The biggest surprise coming out of Spike TV's recent Video Game Awards was the Game of the Year win for "The Walking Dead: The Game." The Telltale Games adventure beat out "Mass Effect 3" and "Assassin's Creed 3," titles that featured impressive feats of technology and multimillion-dollar budgets.
It won on the strength of its writing and episodic nature. Spread out over five parts, the adventure game follows Lee and Clementine, two survivors struggling through the zombie apocalypse. Lee is a convicted murderer who escaped custody while heading to prison. He stumbles upon a youngster named Clementine; together, they have to survive the horrors of the world.
Like other Telltale Games, "The Walking Dead" has elements of the old point-and-click adventure on the PC. It's not a title where quick-twitch shooting is essential, though there are scenes when it helps. It's more about puzzle-solving, grabbing items from the environment and figuring out how they can be used to solve problems.
That can be anything from restarting a broken-down train to escaping the Savannah sewers. The puzzles aren't difficult, but there are tense moments as players have to learn the rules of franchise creator Robert Kirkman's zombified world and abide by them. Players can't make much noise, because it attracts the undead. They should be wary of strangers. And most importantly, everyone who dies becomes a zombie, unless the head gets mangled.
As Lee, players also have to make important decisions when it comes to dialogue and plot. They'll have to handle conflicts in a group, siding with one member or another, as the stress and violence push them to the breaking point. The choices can be minor, like giving a boy a high-five, or they can lead to tweaks in the narrative, like choosing which person lives or dies.

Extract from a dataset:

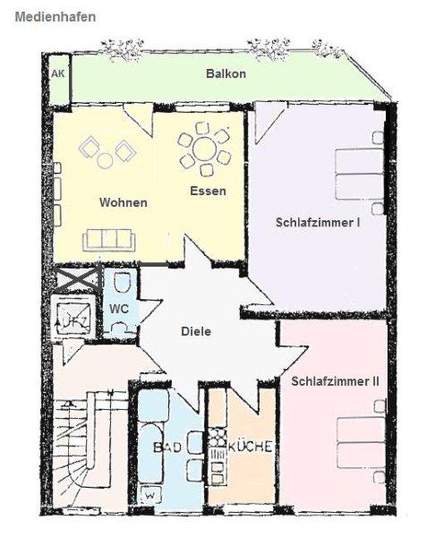 *Im Herzen des Medienhafens* Möblierte großzügige 3-Zimmer-Wohnung mit großem Balkon

The choices don't alter the story extensively. There are no branching narratives, but the decisions shape the makeup of the group so two players will have a tailored experience.
But is it worthy to be called the game of the year? The fact that it's a downloadable game and episodic sets a new precedent for the honor. "The Walking Dead" straddles the line between game and interactive movie. There are better titles, such as "Far Cry 3" or "Halo 4" that deserve the game of the year honor, but everyone can appreciate "Walking Dead's" enthralling characters, gut-wrenching twists and story-telling finesse.

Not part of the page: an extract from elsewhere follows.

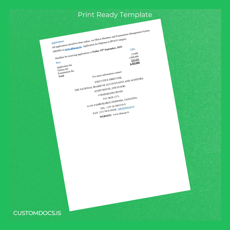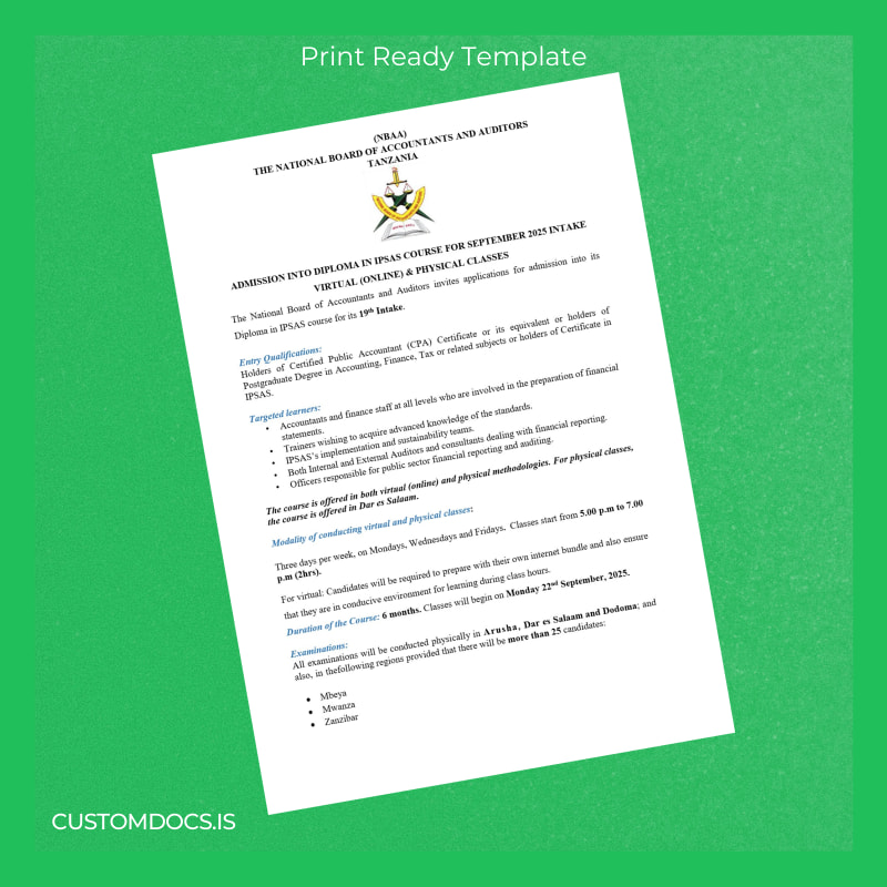 Tanzania National Board of Accountants and Auditors Diploma in IPSAS Template – Word & PDF

A NEW CHALLENGER: When you see "PlayStation All-Stars Battle Royale," the first thing that comes to mind is that it looks like Nintendo's "Smash Bros." series. That's a blessing and a curse. Both games bring heroes and villains from several franchises and let them duke it out. The two offer a dose of nostalgia and fun multiplayer options.
Unfortunately, "PlayStation All-Stars Battle Royale" will always be seen as a game that copies the Nintendo series. And that's a shame. Sony's effort improves on the formula in some ways, with better online play and a more combo-centric fighting system with the addition of super moves. The stages have interesting ideas in characters who destroy platforms and structures that players jump on.

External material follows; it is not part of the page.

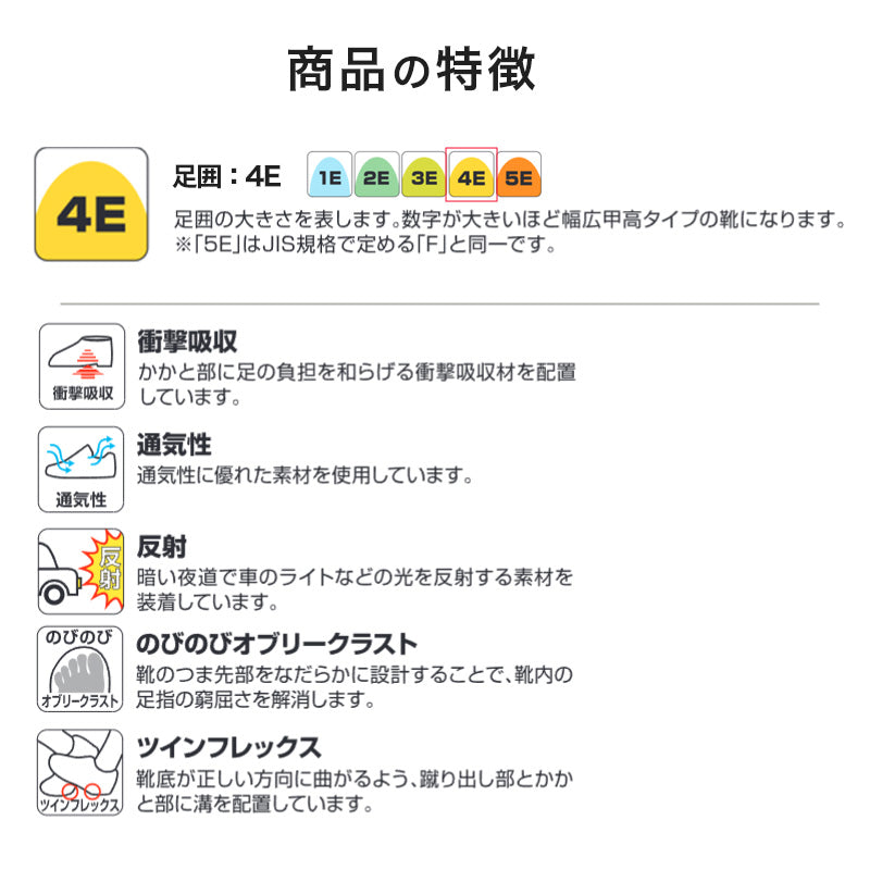 足囲:4E(一般的なものより幅広甲高なワイドタイプ)

The biggest criticism against it is that it's not "Smash Bros.," and that's a weak argument when "PlayStation All-Stars Battle Royale" is just as enjoyable and requires as much technique to be good against human competition. Sony's fighting game is also one of the first releases to offer the Cross Buy feature, which lets players enjoy the game on the PlayStation 3 and PlayStation Vita.
It's good on both systems, but "Battle Royale" needs more variety when it comes to the stage design. I also wish there were a few more weapons than the handful that pop up randomly during the match. But it's a good first effort from Sony and SuperBot studios.